I'm learning about inference by running vLLM on a k8s cluster (EKS), building a ...

iugtmkbdfil834 · 2026-05-10T19:06:09 1778439969

Deeper dives into those uncover interesting limitations that don't seem to be documented anywhere. On the other hand, it is through those reverse shibboleths that I am now able to tell that my boss's boss has no idea what he is talking about llm-wise.

korbonits · 2026-05-11T22:09:12 1778537352

Have you considered using vLLM on top of Ray Serve (on EKS with KubeRay)? KubeRay makes Ray cluster-aware and there could be some optimizations you could make e.g. keeping that GPU fully utilized all the time :)
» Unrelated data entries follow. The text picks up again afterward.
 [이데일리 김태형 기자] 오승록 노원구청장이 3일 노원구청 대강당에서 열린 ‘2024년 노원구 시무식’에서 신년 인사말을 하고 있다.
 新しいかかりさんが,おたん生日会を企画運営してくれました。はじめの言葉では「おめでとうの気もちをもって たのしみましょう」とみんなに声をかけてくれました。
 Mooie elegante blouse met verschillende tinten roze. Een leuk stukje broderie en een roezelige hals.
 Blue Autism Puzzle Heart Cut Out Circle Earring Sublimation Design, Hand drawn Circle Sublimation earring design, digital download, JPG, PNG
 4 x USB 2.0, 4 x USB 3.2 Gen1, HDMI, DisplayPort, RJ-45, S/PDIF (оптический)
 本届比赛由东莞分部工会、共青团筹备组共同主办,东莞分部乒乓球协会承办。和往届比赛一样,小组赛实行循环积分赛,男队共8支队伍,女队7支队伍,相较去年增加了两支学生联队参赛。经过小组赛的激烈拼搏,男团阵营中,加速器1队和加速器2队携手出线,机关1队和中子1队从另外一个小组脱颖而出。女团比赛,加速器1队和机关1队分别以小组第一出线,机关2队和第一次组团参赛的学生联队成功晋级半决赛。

nicoinstrument · 2026-05-12T05:10:01 1778562601

Thanks for the suggestion! Have you found that Ray Serve’s built-in autoscaling plays nicely with custom SLO-based concurrency limits, or do you usually let Ray handle the load balancing entirely?"
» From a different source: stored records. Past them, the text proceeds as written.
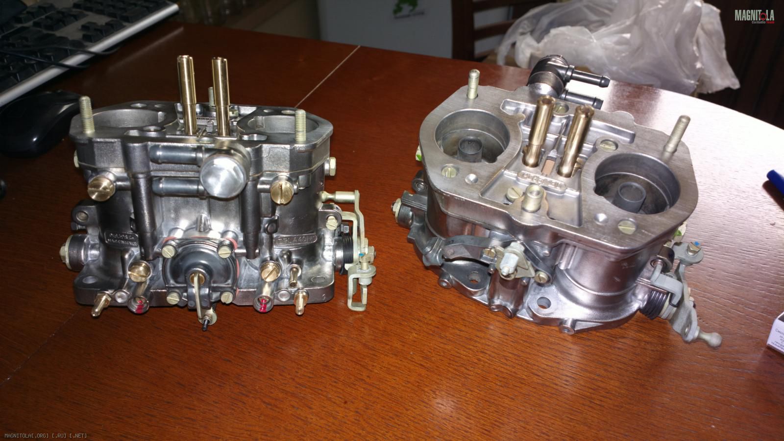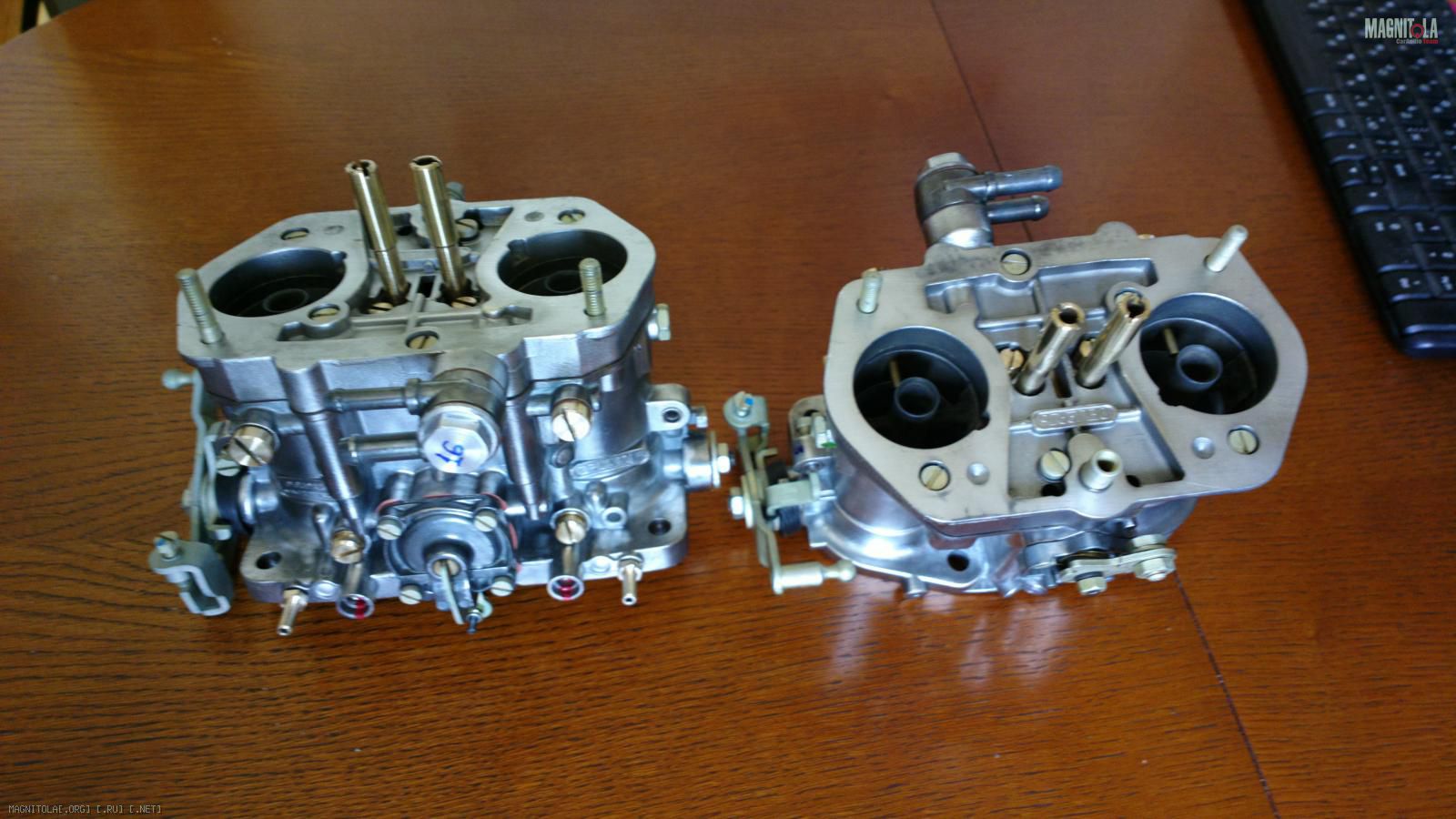 Также из нештатных вопросов остаётся топливная система. Ждём новый бак, т. к. наш оказался с дырочками ) Механический бензонасос будет заменён на электронный. Магистрали будем класть только после установки двигателя с карбюраторами, без них никак. Да! Ещё счастье - забрали из переборки карбы - полный восторг, мастер с золотыми руками! Стали новыми.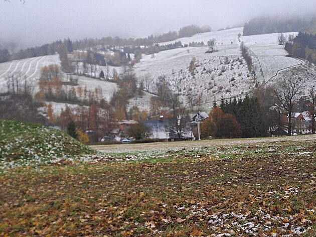 V Rokytnici nad Jizerou napadl sníh. (27. října 2025)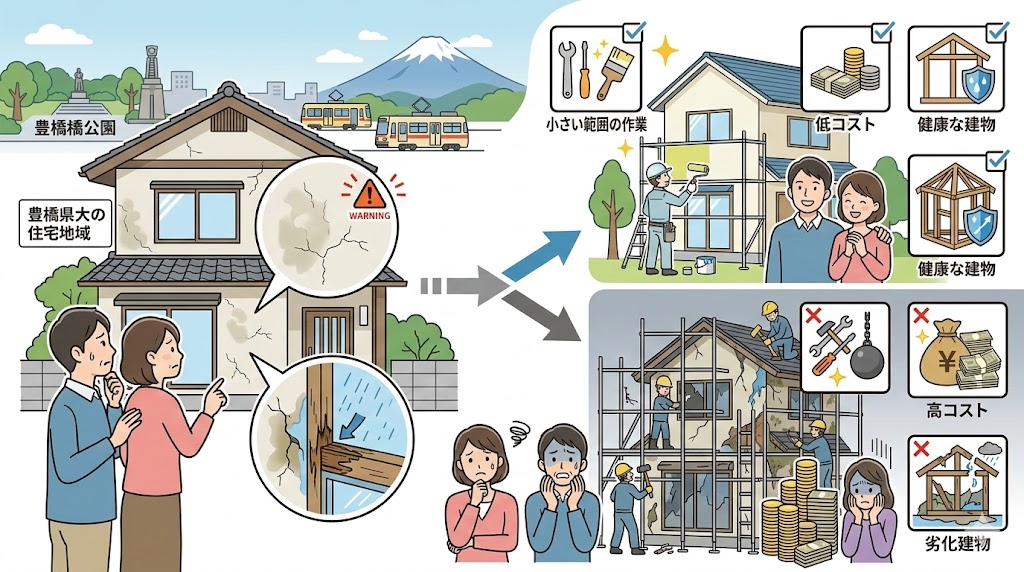 豊橋市でも、この段階で塗り替えを行った住宅と、放置してから工事を行った住宅とでは、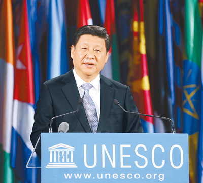2014年3月27日,國(guó)家主席習(xí)近平在巴黎聯(lián)合國(guó)教科文組織總部發(fā)表重要演講。新華社記者 姚大偉攝

korbonits · 2026-05-12T18:06:36 1778609196

To be honest, I don't know because I have not hit many of those limits due to what I would call "moderate" scale. So far, I have just provisioned enough pods to handle the traffic as-is without using KubeRay. So k8s is handling the load balancing adequately at the moment, but Ray serve is not cluster-aware, only pod aware, for now.